Wilbur Ross made a killing on Bank of Ireland shares effectively tripling his money by buying the stock at 9c and selling around 27c. Other investors, like Dalata Hotel Group, have bought hotel assets at excellent prices from different sellers, because Dalata is willing to take a risk and hope to create value from them.

This is what happens after a crash. It didn't begin and it won't end with Nama.

Bear in mind Nama cannot sell an asset to any of its borrowers at a discout, by law. Third parties are free to do this.

That is not to say there aren't issues with Nama. A lack of transparency from the beginning has shrouded the agency in too much secrecy.

The public should have been given a list of assets acquired, at what price and then sold at what price.

This would not have played well with buyers but many have done so well out of the process they probably would have gone ahead anyway.

At times the agency has appeared to be in too much of a hurry such as the case of the sale of Project Eagle, the Northern Ireland property portfolio.

This involved the sale of 794 loans with 55 borrowers covering 4,000 properties.
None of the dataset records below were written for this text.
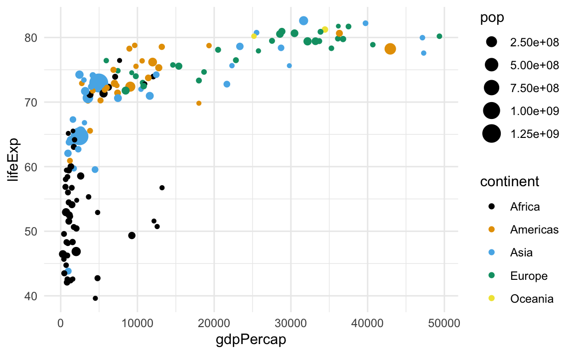 - Learners can control the colour scaling applied to a plot using colour as an aesthetic mapping.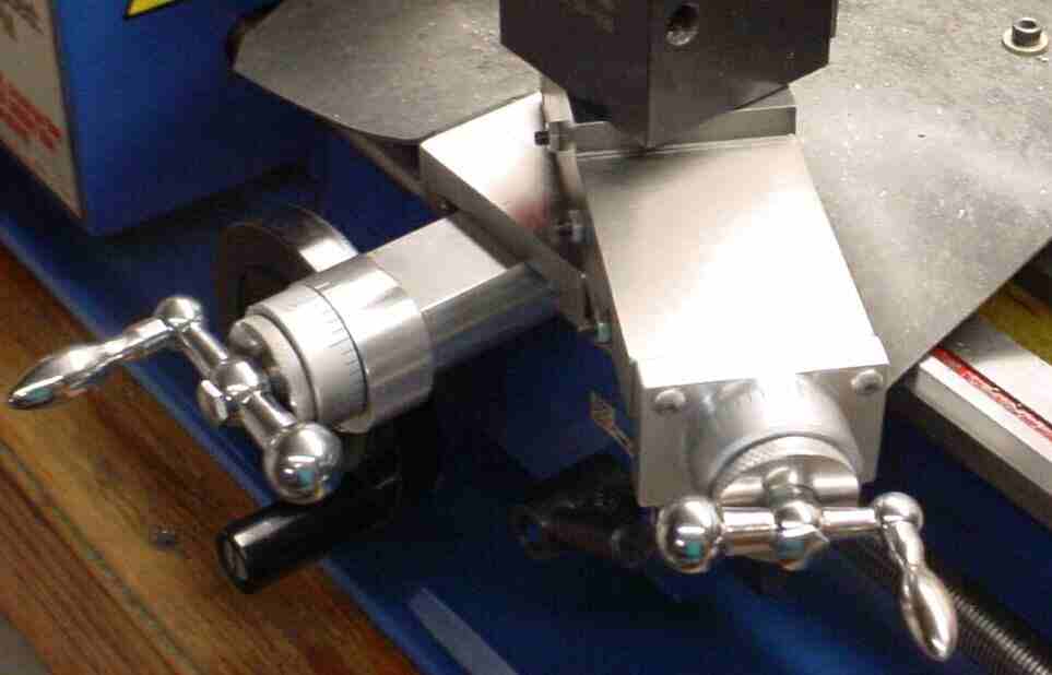 This picture shows both dial locks. The clamp on the cross feed was extended to accommodate the lock, leaving less of the shaft within the handle -- if planned for, the shaft extension and bolt could be made longer. On the compound, the thick washer between the dial and the handle is replaced by the dial lock. The dial lock is smaller diameter (1.13) than the dial to avoid conflicting with the ball on the end of the handle.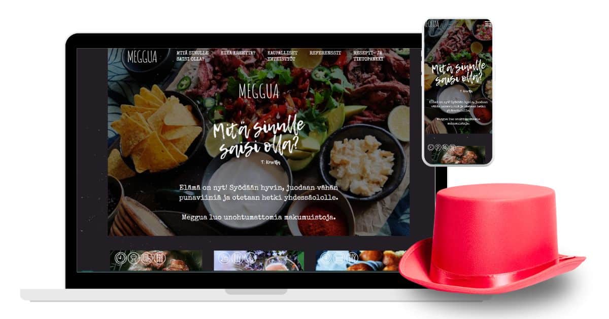One of the special features of the Meggua site is the customized category icons. Attention has also been paid to the search functions of the recipe and information bank. The appearance is entirely built according to the layout designed by Kreetta herself. It’s worth taking a closer look at the site’s cookie notification, as it is not made in the traditional way.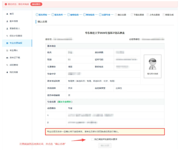 请仔细核对志愿信息。一旦确认专业志愿将不能更改;如需更改只能在报名时间段内取消报名后重新报名。
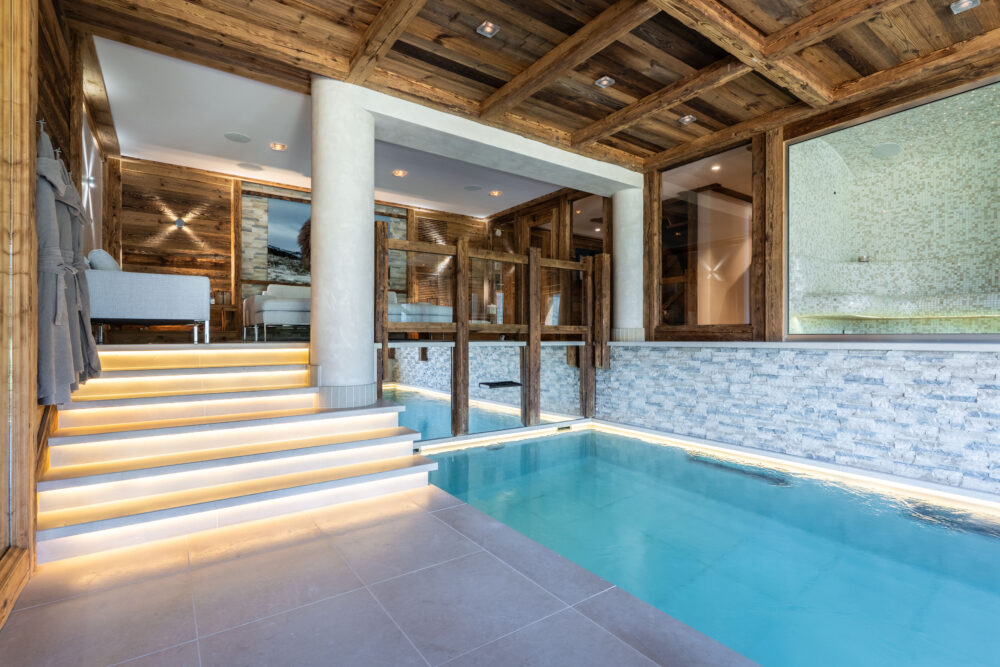 Unique property in Courchevel with excellent amenities, offering panoramic views of the surrounding valleys and peaks.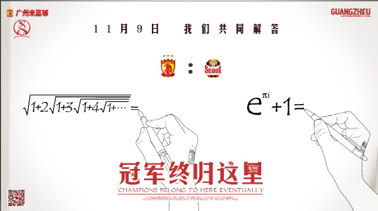 두 팀은 아시아챔피언스리그(ACL) 결승 1차전에서 2대2로 비겼다. 2차전에서 우승팀이 가려진다. 광저우는 자신감이 하늘을 찌른다. 홈 2차전에서 서울을 3대0으로 이긴다는 내용을 담은 그림이 구단 홈페이지의 대문을 장식했다. 두 구단의 이름과 엠블럼 밑에 제시된 수학 문제를 풀면 광저우가 서울을 3대0으로 완파할 것이라는 해답이 나온다. 광저우의 득점은 인도의 수학자 스리니바사 라마누잔이 3을 풀이한 수열이고, 서울의 득점은 스위스의 수학자 레온하르트 오일러가 증명한 공식이다.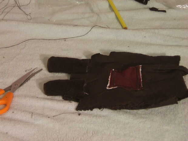 2) Coloque un trozo de tela sobre el extremo abierto del tubo y coser alrededor de él

The original loans had been for around £5bn and were sold for around £1.2bn.

One of the bidders, Pimco, disclosed that a former member of Nama's Northern Ireland Advisory committee, was due to receive a success fee of £5m if Pimco clinched the deal. He had already left the committee but was working in a consultancy role with Pimco on its bid.
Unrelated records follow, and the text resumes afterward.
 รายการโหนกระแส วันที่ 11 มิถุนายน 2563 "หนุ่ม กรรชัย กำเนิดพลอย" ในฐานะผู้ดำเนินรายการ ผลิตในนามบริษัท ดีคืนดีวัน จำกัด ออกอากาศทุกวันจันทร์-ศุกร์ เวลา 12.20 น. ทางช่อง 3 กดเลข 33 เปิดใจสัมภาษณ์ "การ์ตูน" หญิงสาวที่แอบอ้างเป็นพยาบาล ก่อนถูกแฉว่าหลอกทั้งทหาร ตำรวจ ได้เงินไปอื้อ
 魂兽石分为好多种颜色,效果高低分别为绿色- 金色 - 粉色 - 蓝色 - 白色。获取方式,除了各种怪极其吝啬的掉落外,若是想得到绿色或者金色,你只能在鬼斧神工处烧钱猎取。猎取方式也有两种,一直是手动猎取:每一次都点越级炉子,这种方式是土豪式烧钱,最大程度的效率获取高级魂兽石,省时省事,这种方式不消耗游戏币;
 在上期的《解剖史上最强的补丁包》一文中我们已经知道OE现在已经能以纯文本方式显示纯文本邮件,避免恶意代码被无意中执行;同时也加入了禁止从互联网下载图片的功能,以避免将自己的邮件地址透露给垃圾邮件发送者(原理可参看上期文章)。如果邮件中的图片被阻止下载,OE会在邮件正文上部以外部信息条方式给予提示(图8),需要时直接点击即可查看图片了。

Nama pushed for a withdrawal of Pimco from the process but should really have stopped the whole sale process. Public disclosure of any kind of the existence of that conflict would have changed the entire tone and direction of the sale process and it could have been done in a better way, at a later date.

Could Nama have held on to assets for longer and got better prices? In some cases, yes and in others, we simply don't know. It is easy to make fantasy investment decisions based on 20/20 hindsight.

As for luxury investments like Le Provencal Hotel in the Cote d'Azur, or the car park at Audley Street in London, it would be ludicrous to expect a state agency with Nama's remit, to put billions in risk capital behind enormous vanity property plays.